Company Ordered to Pay Hanford Whistleblowers $216,080

By ExchangeMonitor

Computer Sciences Corp. (CSC) has been ordered to pay $216,080 in back pay and compensation to two whistleblowers it removed from the job in 2012. The computer specialist employees had raised issues with a new electronic medical system when CSC held the Hanford Site occupational medicine contract. In 2014 the Occupational Safety and Health Administration ordered CSC to pay $186,000 in back wages to former workers Kirtley Clem and Matthew Spencer. CSC appealed the ruling, leading to the new order by an administrative law judge after a trial held over several days in November and then continued for several more days in February.
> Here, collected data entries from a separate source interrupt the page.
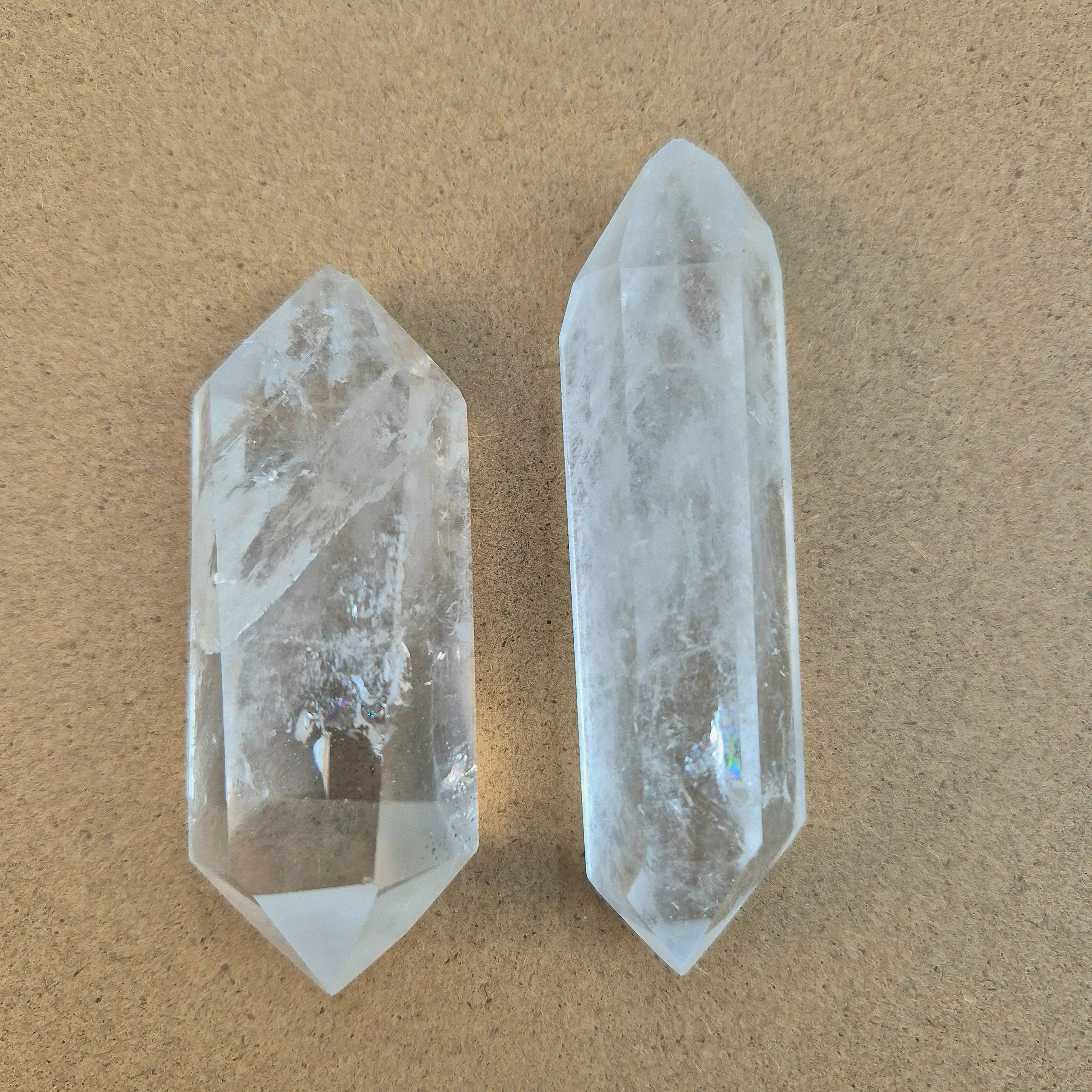 Piedra natural puliza y facetada en forma biterminada con 6 caras. Tamaño aproximado de largo entre 6 cm y 10 cm con un ancho entre 2,5 y 4 cm aproximadamente.
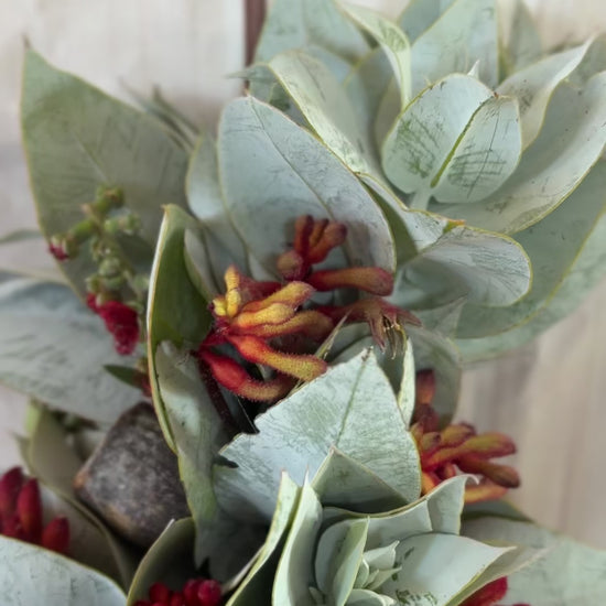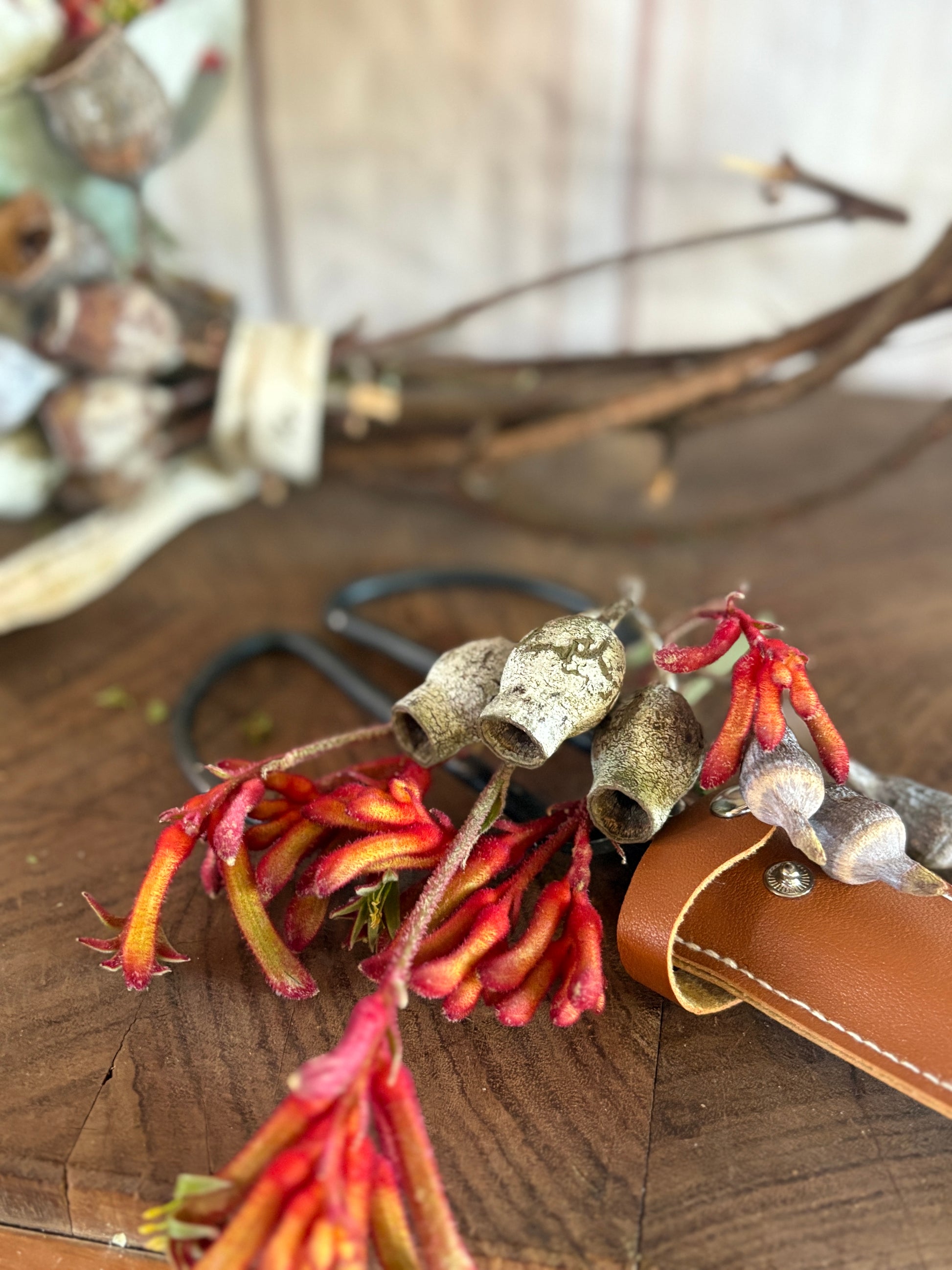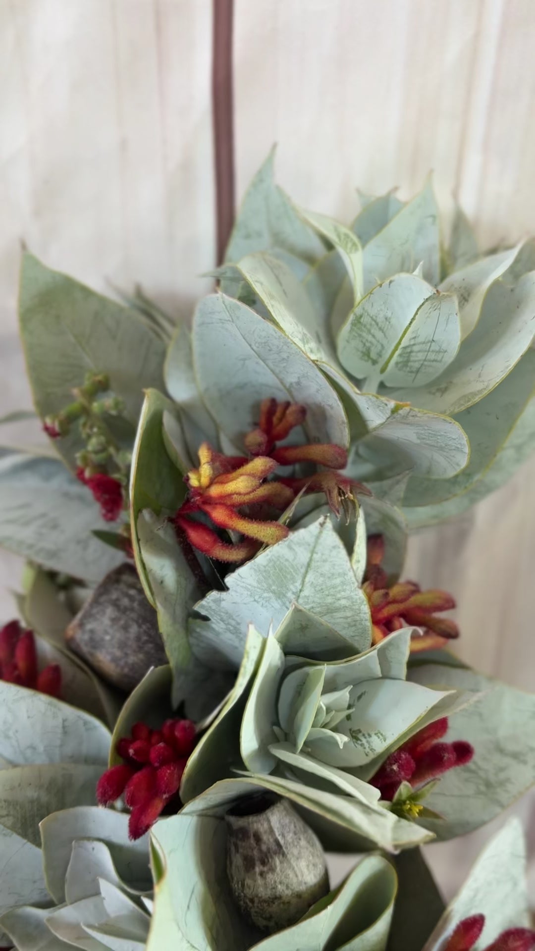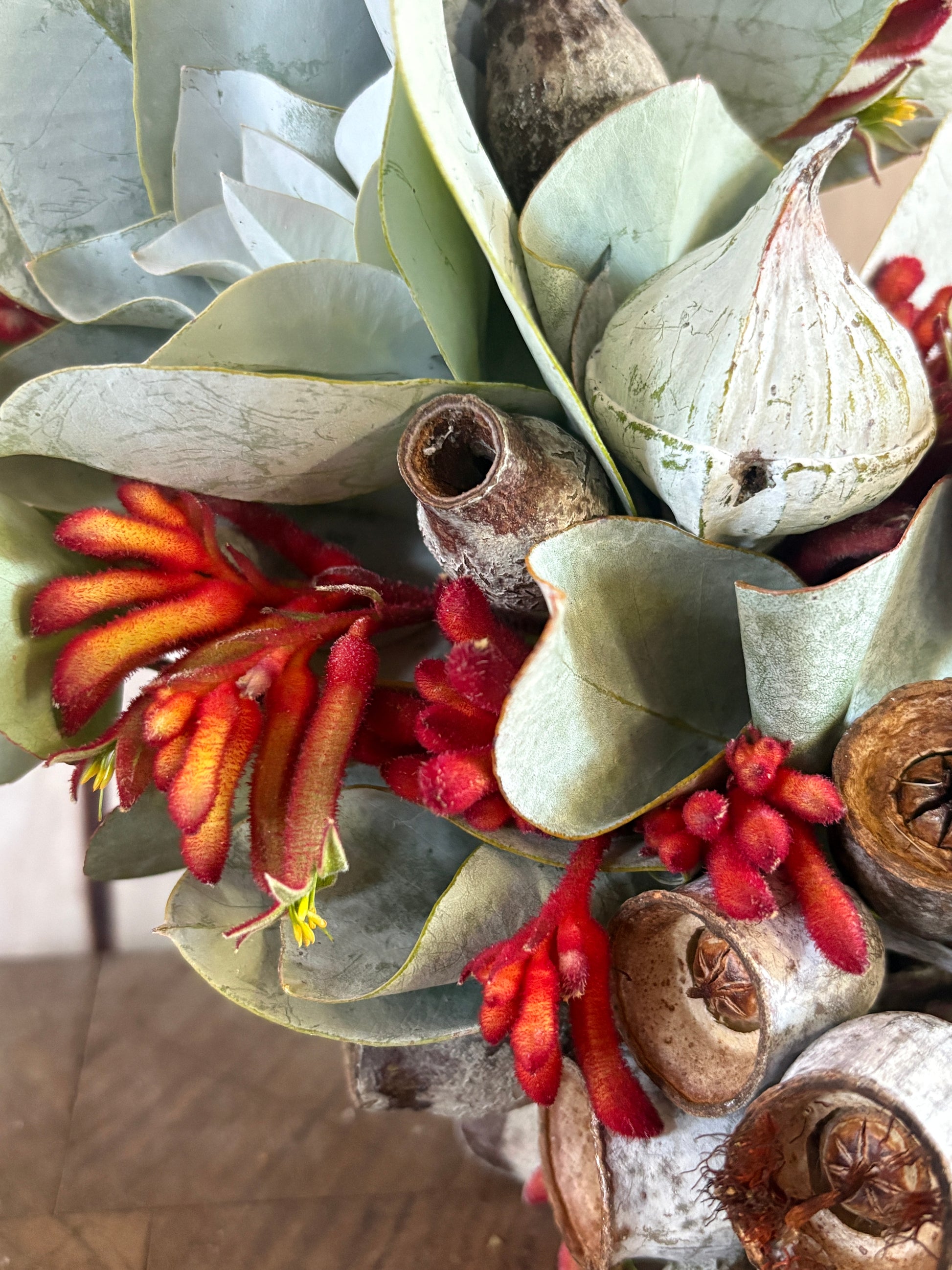 A striking wreath showcasing the bold textures of native Australian botanicals—macrocarpa, kangaroo paw, and bottle brush paired with gumnuts for authentic bushland character.
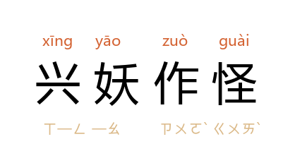⒈ 妖魔鬼怪到处闹事作乱。比喻小人兴风作浪,为非做歹。明·瞿佑也作「兴妖作孽」。
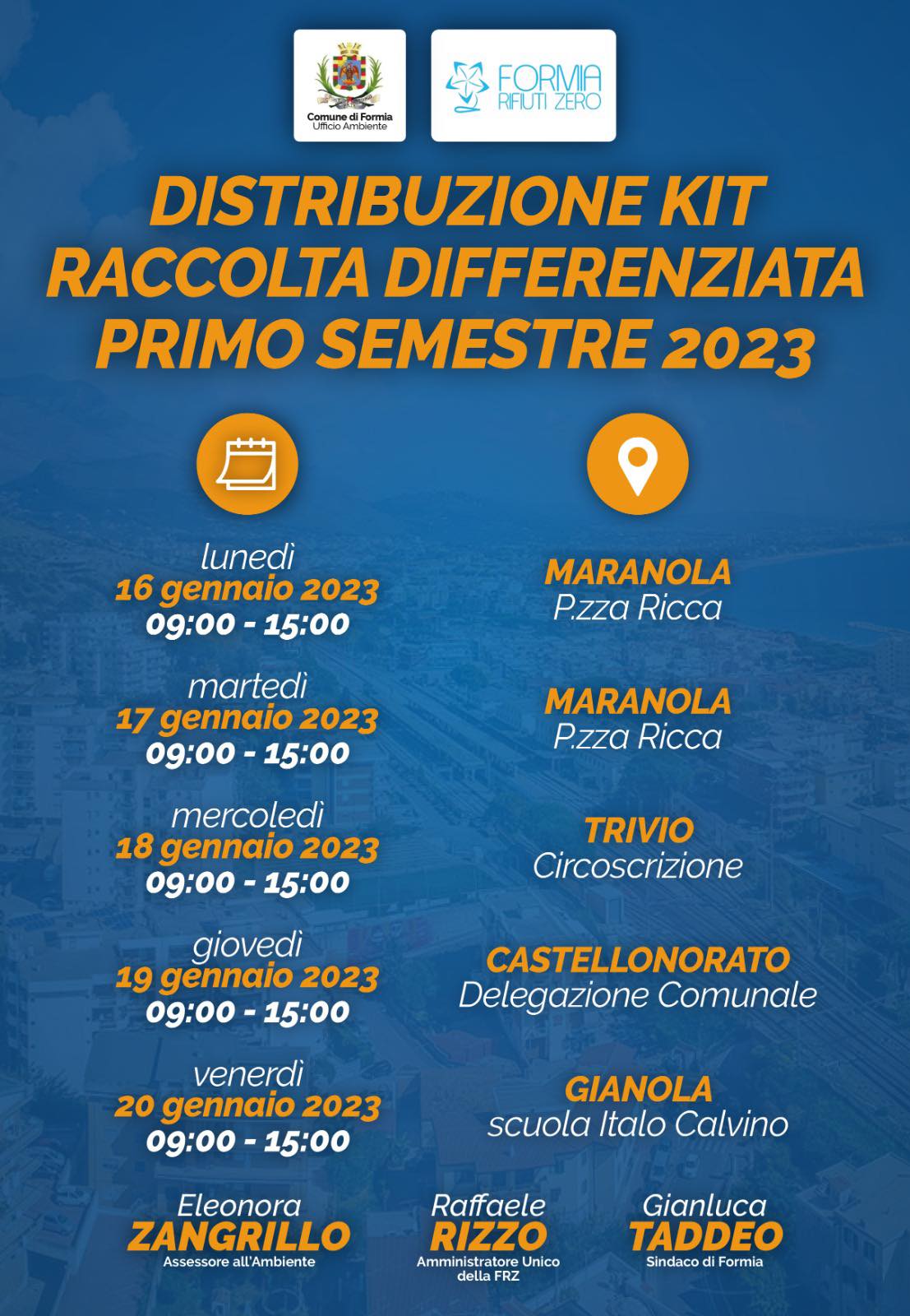 A partire dalla prossima settimana, presso le frazioni di Formia, prenderà il via la nuova distribuzione del kit di sacchetti per la raccolta differenziata relativa al primo semestre 2023.
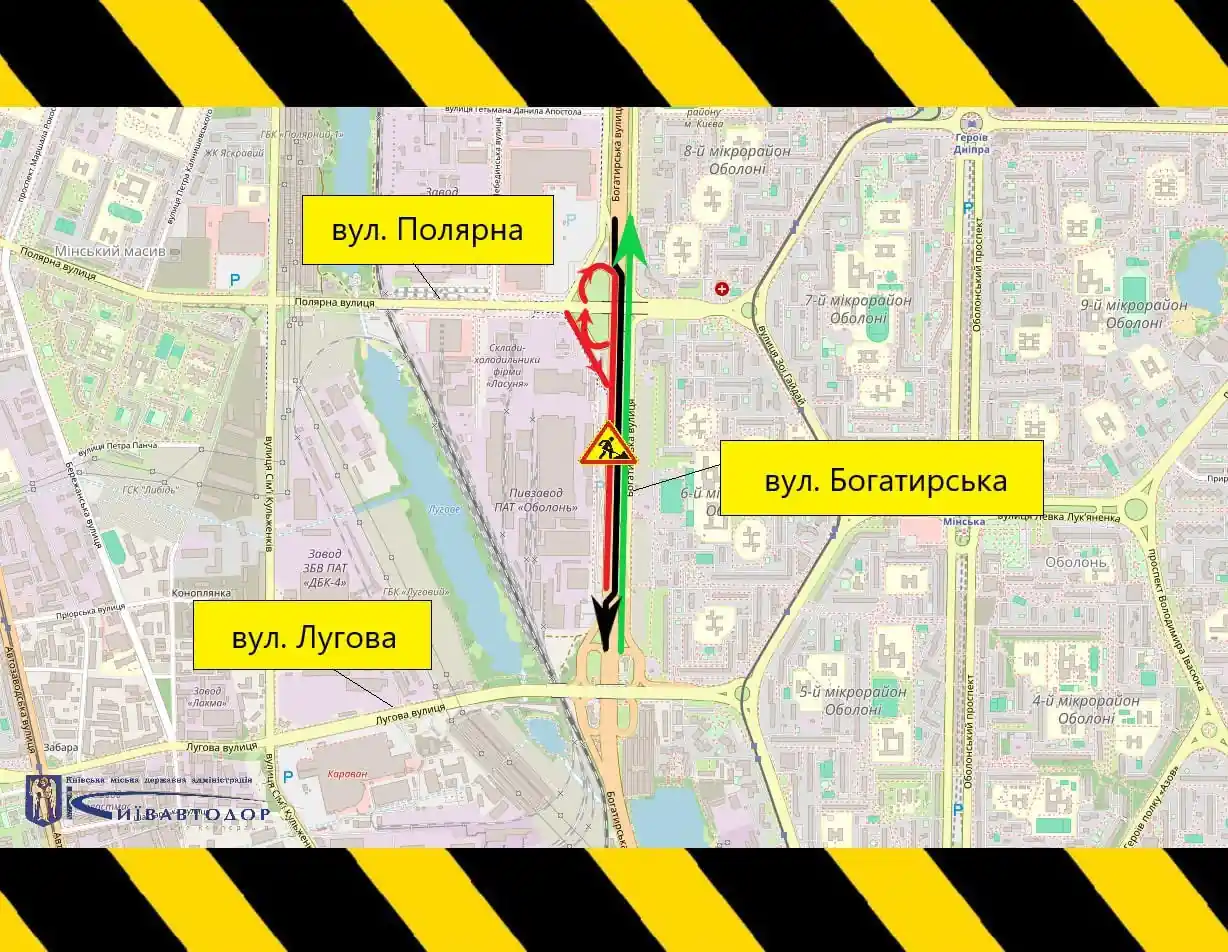 Із 22 травня до 19 червня частково обмежуватимуть рух транспорту вулицею Богатирською у напрямку проспекту Степана Бандери. Обмеження пов’язані з продовженням капітального ремонту вулиці. Про це повідомляють у КК «Київавтодор».
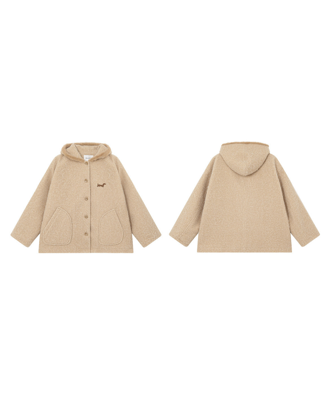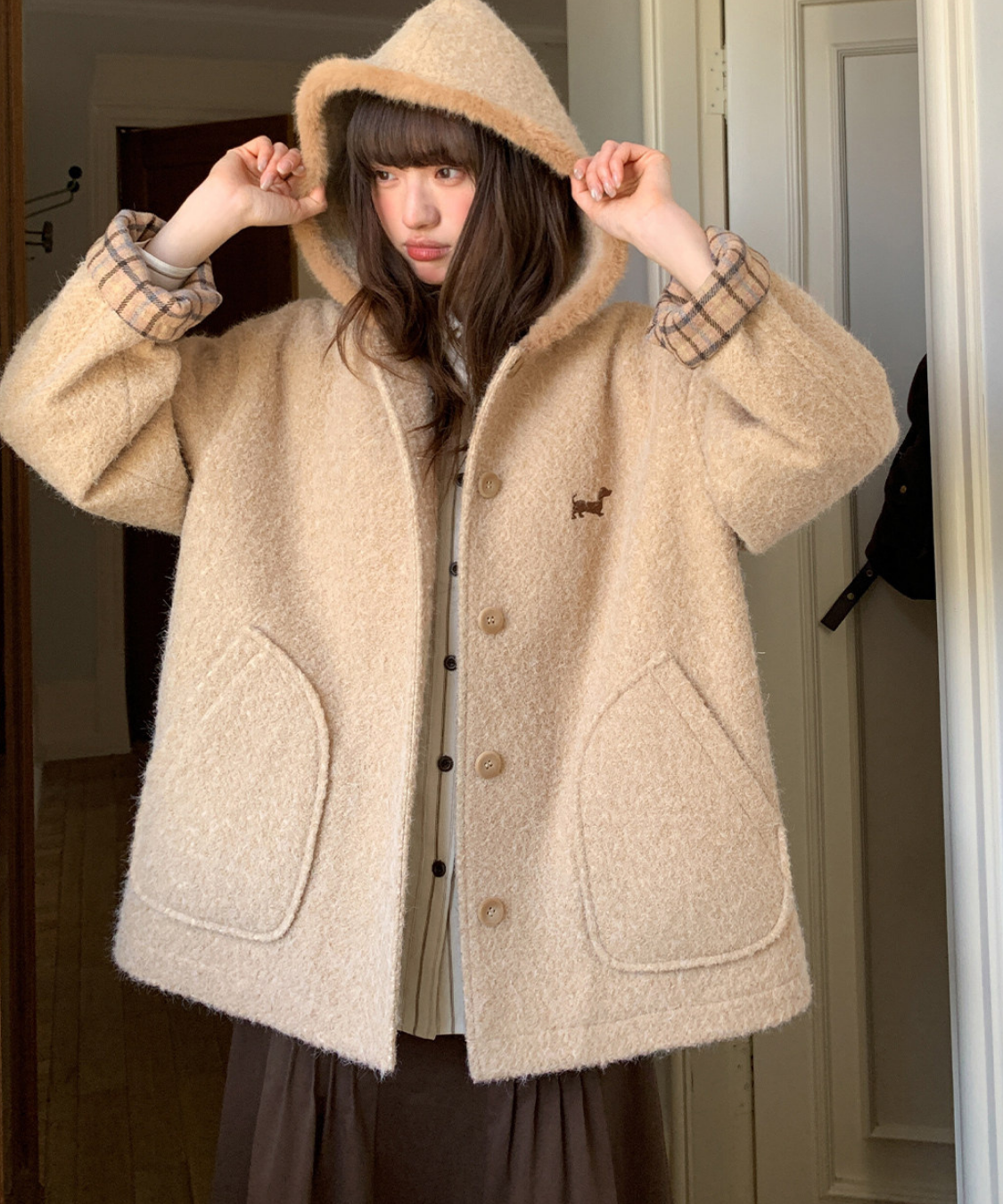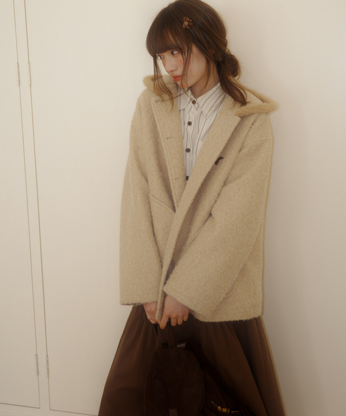 もこもこのボア素材がやさしく包み込んでくれる、ほっこり可愛いフード付きアウターです。
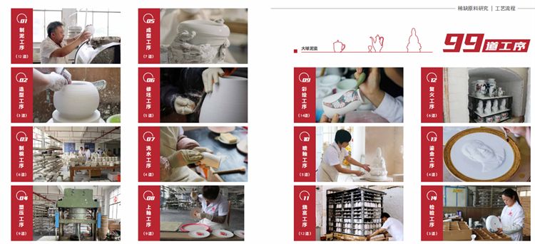 融合創(chuàng)新,制勝王道。為了融合創(chuàng)新藝術(shù)瓷,他在傳統(tǒng)的72道制瓷工藝上,規(guī)范流程,改進(jìn)技術(shù),提高品質(zhì),經(jīng)過(guò)幾年實(shí)驗(yàn),最終確立了“大球泥瓷”的99道工序,更好地凸顯了大球泥瓷“白、潤(rùn)、透”的特性,大球泥被譽(yù)為陶瓷中的愛(ài)馬仕。

Clem and Spencer argued at staff meetings and told their supervisor and managers that a new electronic medical system was not working correctly. They also brought the matter to the DOE Employee Concerns Program, but the system was deployed anyway. Labor Department Administrative Law Judge Christopher Larsen concluded that the program could put workers at risk, including by not accurately tracking medical restrictions. It created the potential for workers at risk of chronic beryllium disease to be assigned to work in areas where beryllium was present.

Clem and Spencer were suspended from their jobs in September 2012 after raising their concerns. Although CSC accused them then of sharing confidential information with a competitor, the company did not make that argument at trial. The watchdog organization Hanford Challenge, which helped represent the workers, pointed out that the judge characterized some of CSC’s arguments at trial as “an astonishing display of chutzpah.”

CSC officials could not agree on who made the decision to suspend the two workers. The company also said it had not acted in retaliation after it withheld “special pay” the workers had been offered for their long hours of work on the new system. “Whatever this evidentiary hash may be, it is not clear, and it is not convincing,” Larsen said in his order, which was issued last week.  CSC also has been ordered to pay interest and attorney fees and costs.